Google spreadsheets will import lots of things (xml, atom, rss). WordPress provides lots of specific feeds (author, tag, categories, combinations thereof).

So step one is to get the author feed – for example http://rampages.us/fren330/author/sheehantm/feed/. You can then use the IMPORTXML formula in GSS to import that XML and do some XPATH parsing of the pieces. In this case I used =IMPORTXML(“http://rampages.us/fren330/author/sheehantm/”,”//p”) to pull out the paragraphs. I can then share the document with just that student and comment on the paragraphs using the Insert>Comment stuff built into GSS. You can see an image of that below and below that is the embedded document in all its odd glory/shame.

Screen Shot 2014-09-17 at 3.38.45 PM


1 I think it makes a nice cheat to be able to analyze text from an RSS feed using more commonly held SS skills.

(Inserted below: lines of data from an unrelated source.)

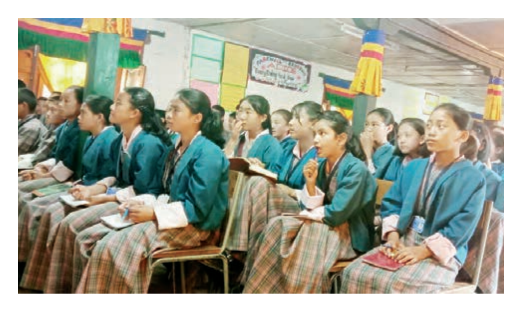
Drug Education Program for students in schools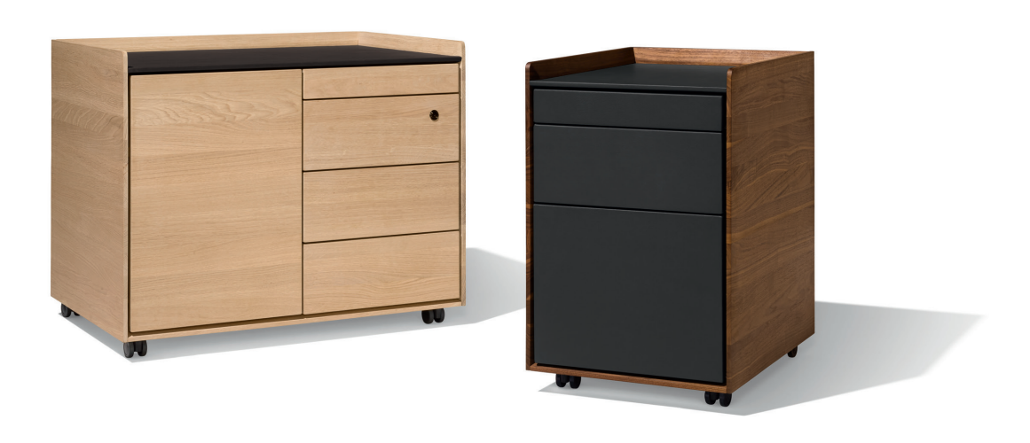
pisa desk pedestal in two sizes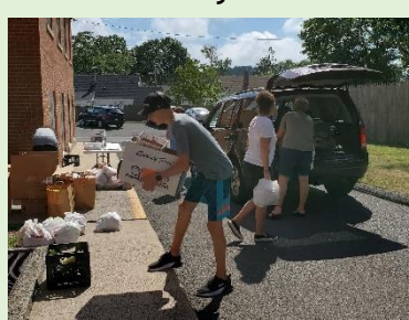
Thrift Store Back to School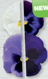
Blue Moon Mix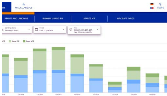
WebReporting - EuroAirport Basel Mulhouse Freiburg

WebReporting goes online at the start of September. This online tool provides visitors with up-to-date access to noise and flight operations statistics on the Airport's website. The data can be viewed up to ten years retrospectively. It is regularly updated in accordance with the relevant reporting interval (monthly, quarterly, annually). In addition to the data mentioned, statistics on related topics are also included, such as exceptional permits for night flights. WebReporting is a recently developed tool enabling the Airport to retrieve noise and aircraft movement statistics rapidly, in detail and interactively. It is a supplement to TraVis: since October 2020, TraVis has enabled the visualisation of flight trajectories, the retrieval of the associated noise values and the submission of complaints via the Internet. The two online tools allow the Airport to fulfill its commitment to publish the most important environmental data transparently and promptly.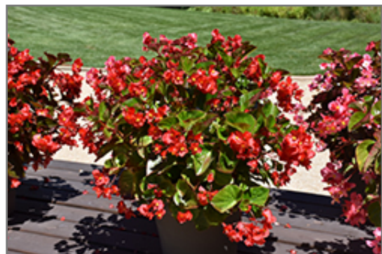
Whopper Red Green Leaf Begonia flowers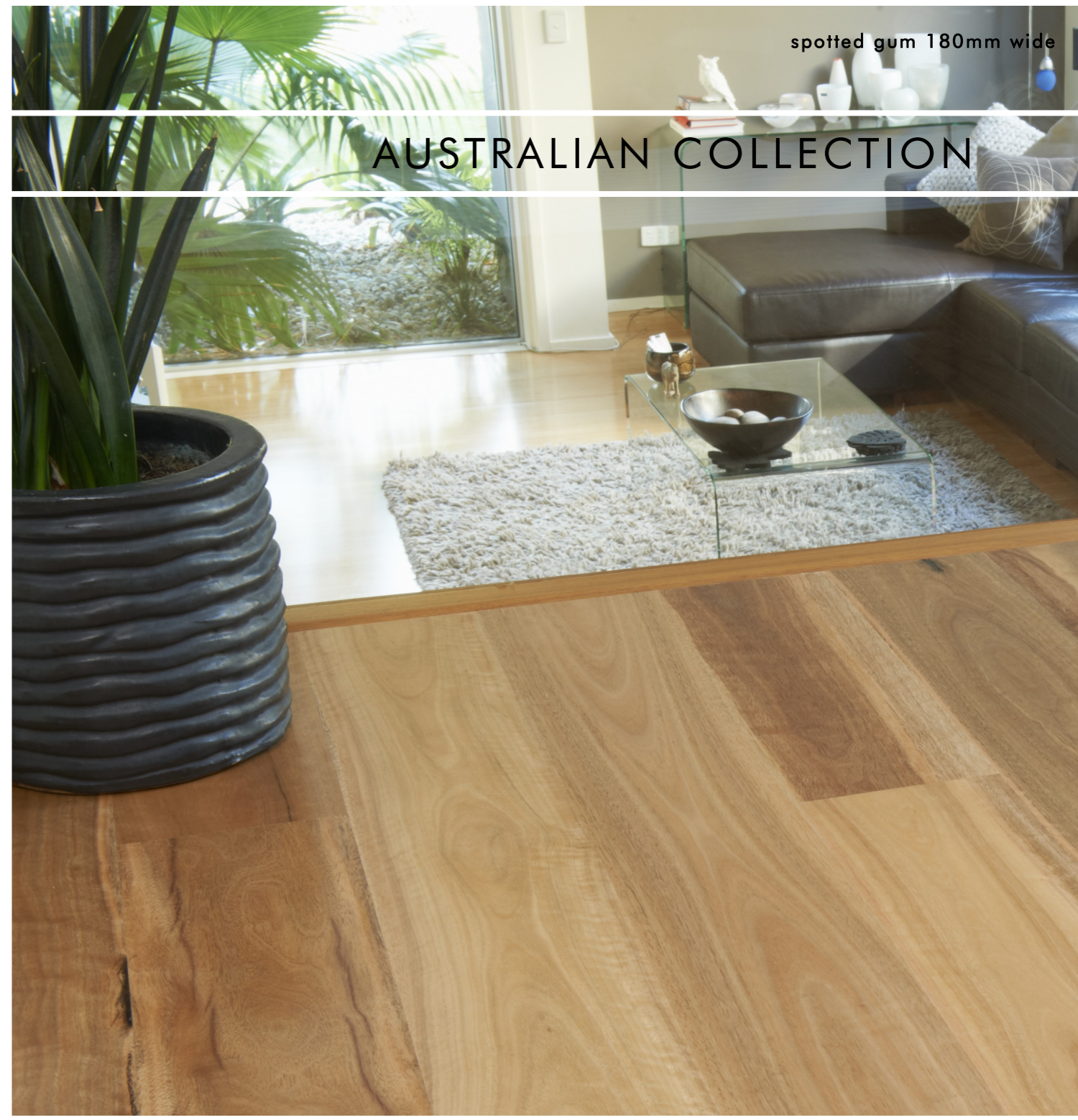
spotted gum 180mm wide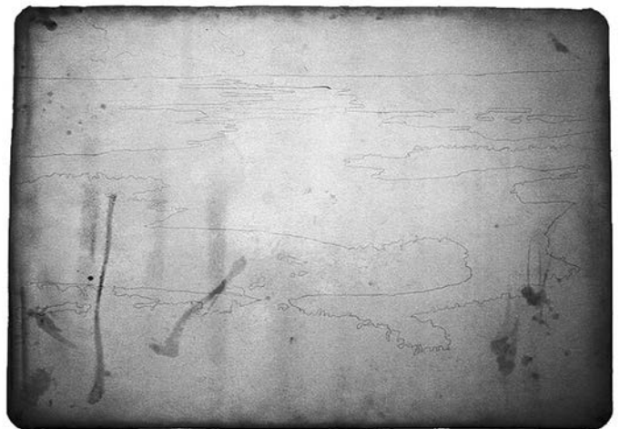
Image 6. Kasper Kovitz, Common Prayers - eucharist [Buzzard Roost; Lake Greenwood SC], pencil on discarded under-bed, 2000.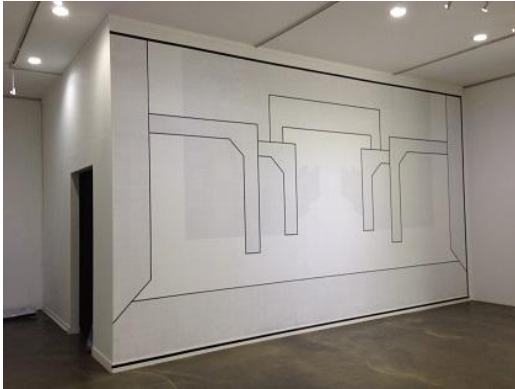
Jena H. Kim, Proscenium, 2014, Tape and paint on wall, 370x600cm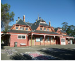
PRIMARY SCHOOL NO. 4 SOHE 2008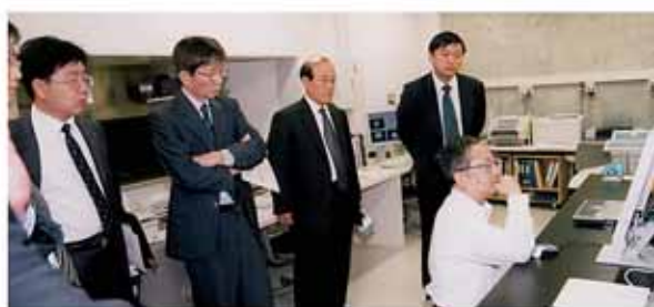
MRI in Endocrine Disrupter Research Lab.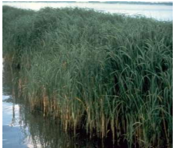
Spartina ( Spartina alterniflora )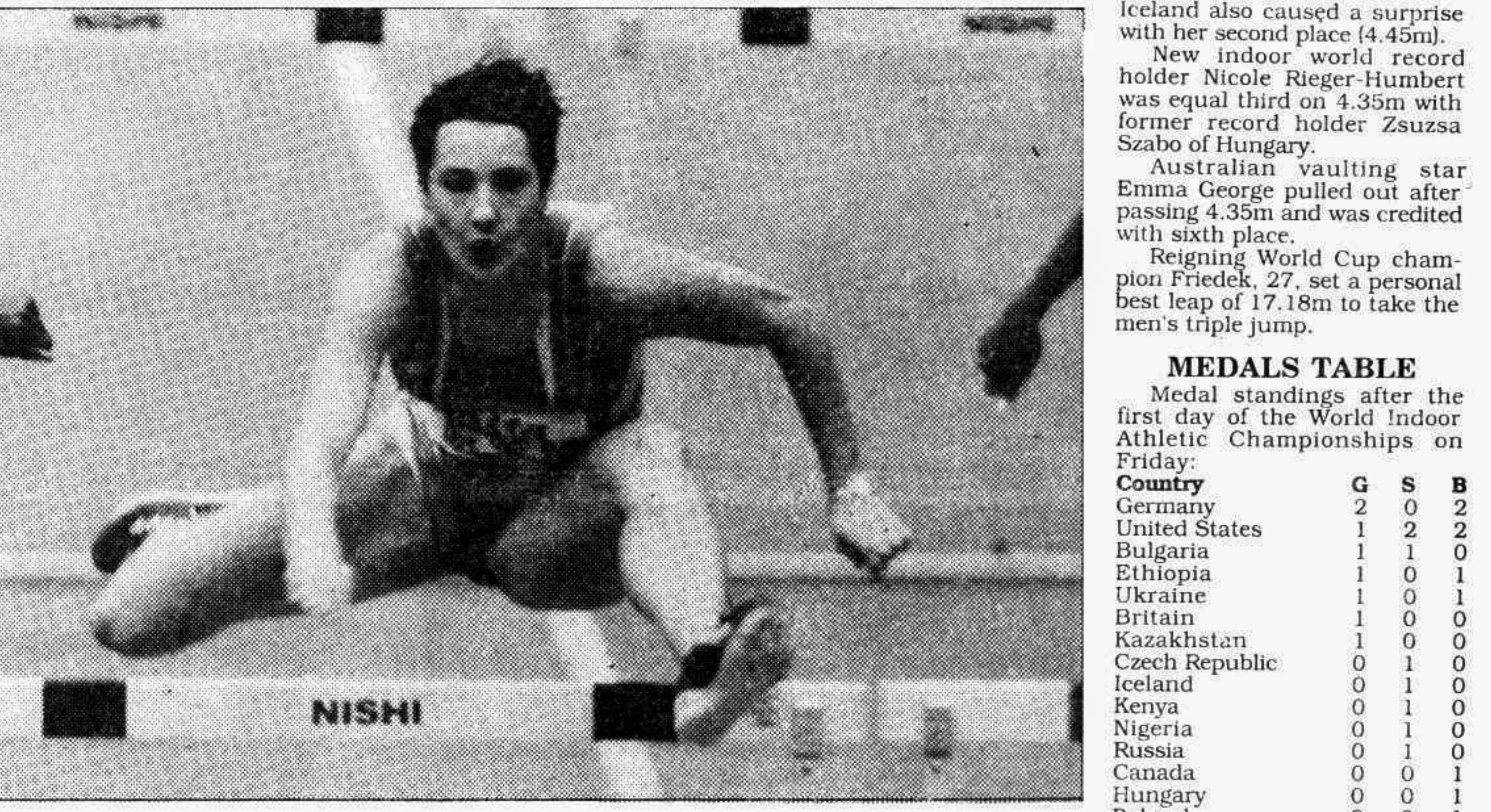
Kazakh Olga Shishigina on her way to the gold medal in the 60-metre hurdles of the World Indoor Athletics Championships.

Next, he plays one of the oldest men still in the singles game, 39-year-old Mark Woodforde. The Aussie advanced with a 6-3, 3-6, 6-1 win over Spain's Francisco Clavet, aged 30.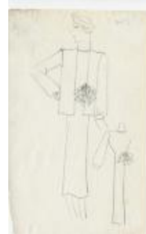
Women's Ensemble with Sleeveless Jacket and Dotted Bow (KA0039_V8p11-003)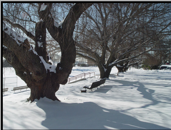
Cherry Trees In The Snow

There are a few other things I’m kicking around in my head as well.

Comments on this post

  1. David Croteau said on September 17, 2014 at 6:29 pm

    I think you’re on to something important. The ephemeral nature of commenting on student work is always an issue. We’ve all had the queasy feeling that all the time and energy we’ve spent commenting on work is ignored, even when revising. Having comments fed to a document like this could be a game-changer in that it creates a permanent–and interactive–record of comments through a semester. And what a great way to document an instructor’s feedback.

    The format and details of this are all up for grabs, I suppose, but the basic idea is really a great one.